We like the men and women of Boston. They have opinions about everything--some of them adverse to your own, but even in that case so well expressed that, in admiration for the rhetoric, you excuse the divergence of sentiment. We never found a half-and-half character in Boston. The people do not wait till they see which way the smoke of their neighbors' chimneys blows before they make up their own minds.

The most conspicuous book on the parlor table of the hotels of other cities is a book of engravings or a copy of the Bible. In some of the Boston hotels, the prominent book on the parlor table is "Webster's Unabridged Dictionary." You may be left in doubt about the Bostonian's character, but need not doubt his capacity to parse a sentence, or spell without any resemblance of blunder the word "idiosyncrasy."

Boston, having made up its mind, sticks to it. Many years ago it decided that the religious societies ought to hold a public anniversary in June, and it never wavers.
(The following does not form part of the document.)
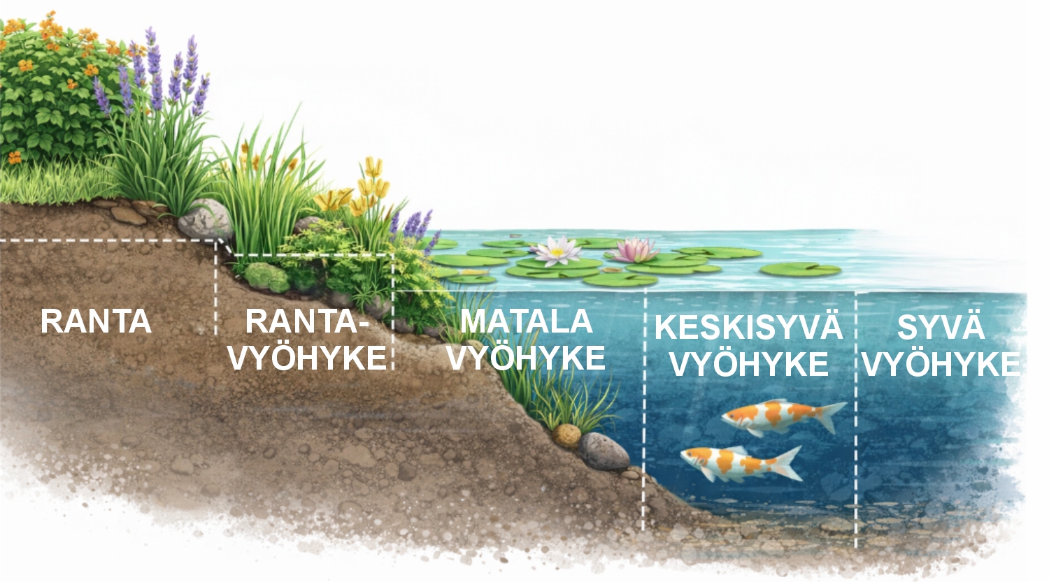 Hyvin suunniteltu puutarhalammikko rakentuu eri syvyysalueista eli vyöhykkeistä. Vyöhykkeet vaikuttavat veden laatuun, kasvien menestymiseen, kalojen talvehtimiseen sekä lammen yleisilmeeseen. Kun syvyysvaihtelut huomioidaan jo suunnitteluvaiheessa, lampi toimii biologisesti tasapainoisemmin ja näyttää luonnollisemmalta.

New York is tired of these annual demonstrations, and goes elsewhere; but in the early part of every June, Boston puts its umbrella under its arm and starts for Tremont Temple, or Music Hall, determined to find an anniversary, and finds it. You see on the stage the same spectacles that shone on the speakers ten years ago, and the same bald heads, for the solid men of Boston got in the way of wearing their hair thin in front a quarter of a century ago, and all the solid men of Boston will, for the next century, wear their hair thin in front.
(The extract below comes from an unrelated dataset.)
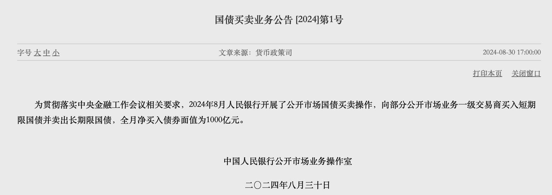 8月30日,中國人民銀行(下稱“央行”)在其網(wǎng)站新開設(shè)的“公開市場(chǎng)國債買賣業(yè)務(wù)公告”專欄中發(fā)布了首份公告——國債買賣業(yè)務(wù)公告[2024]第1號(hào)。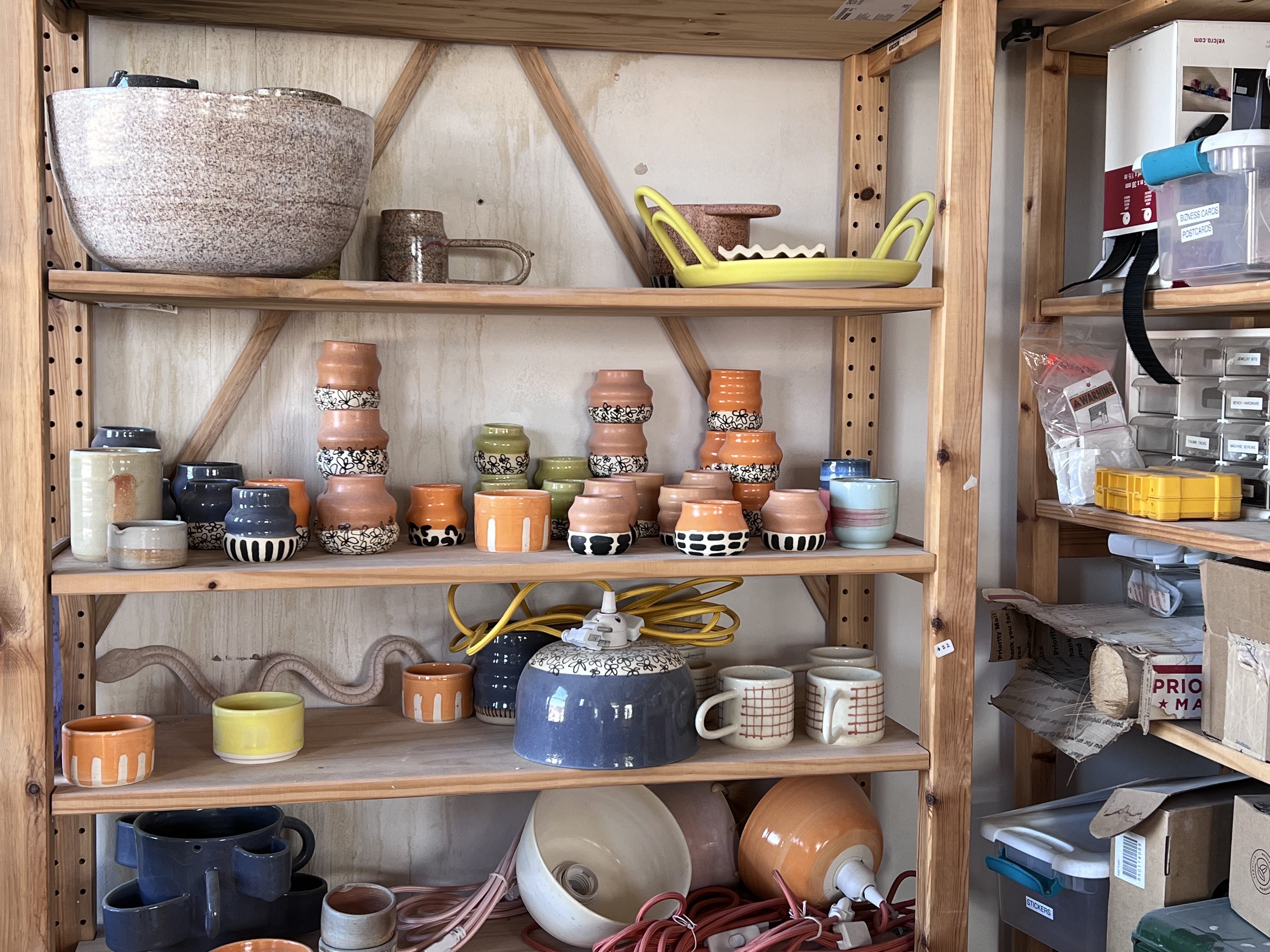 Speaking of the philosophy behind, and the name of, her studio space, Welch says, “Anyhow's philosophy is deeply rooted in my own struggles maintaining a creative practice. Starting is the hardest part. If we can cultivate a culture that encourages experimentation, and divorces a piece of bad or good work from the artist's personhood, beginning is much easier. I was having a particularly tough day in the studio and I came across a Lisa Congdon print with the text ‘Begin Anyhow.’ It was so earnest and simple and really resonated with me. I grabbed a piece of paper, wrote the words down and hung it above my wheel and got to work.”

There are fewer dandies in Boston than in most cities. Clothes, as a general thing, do not make fun of the people they sit on. The humps on the ladies' backs are not within two feet of being as high as in some of the other cities, and a dromedary could look at them without thinking itself caricatured. You see more of the outlandishness of fashion in one day on Broadway than in a week on any one street of Boston. Doubtless, Boston is just as proud as New York, but her pride is that of brains, and those, from the necessities of the case, are hidden.

Go out on the fashionable drive of Boston, and you find that the horses are round limbed, and look as well satisfied as their owners. A restless man always has a thin horse. He does not give the creature time to eat, wears out on him so many whip lashes, and keeps jerking perpetually at the reins. Boston horses are, for the most part, fat, feel their oats, and know that the eyes of the world are upon them. You see, we think it no dishonor to a minister to admire good horses, provided he does not trade too often, and impose a case of glanders and bots on his unsophisticated neighbor. We think that, as a minister is set up for an example to his flock, he ought to have the best horse in the congregation. A minister is no more sacred when riding behind a spavined and ringboned nag than when whirling along after a horse that can swallow a mile in 2.30.

The anniversary week in Boston closed by a display of flowers and fruits in Horticultural Hall. It was appropriate that philanthropists and Christians, hot from discussions of moral and religious topics, should go in and take a bath of rose leaves and geraniums. Indeed, I think the sweetest anniversary of the week was that of these flowers. A large rhododendron presided. Azaleas and verbenas took part in the meeting. The Chinese honeysuckle and clematis joined in the doxology. A magnolia pronounced the benediction. And we went home praying for the time when the lily of the valley shall be planted in every heart, and the desert shall blossom as the rose.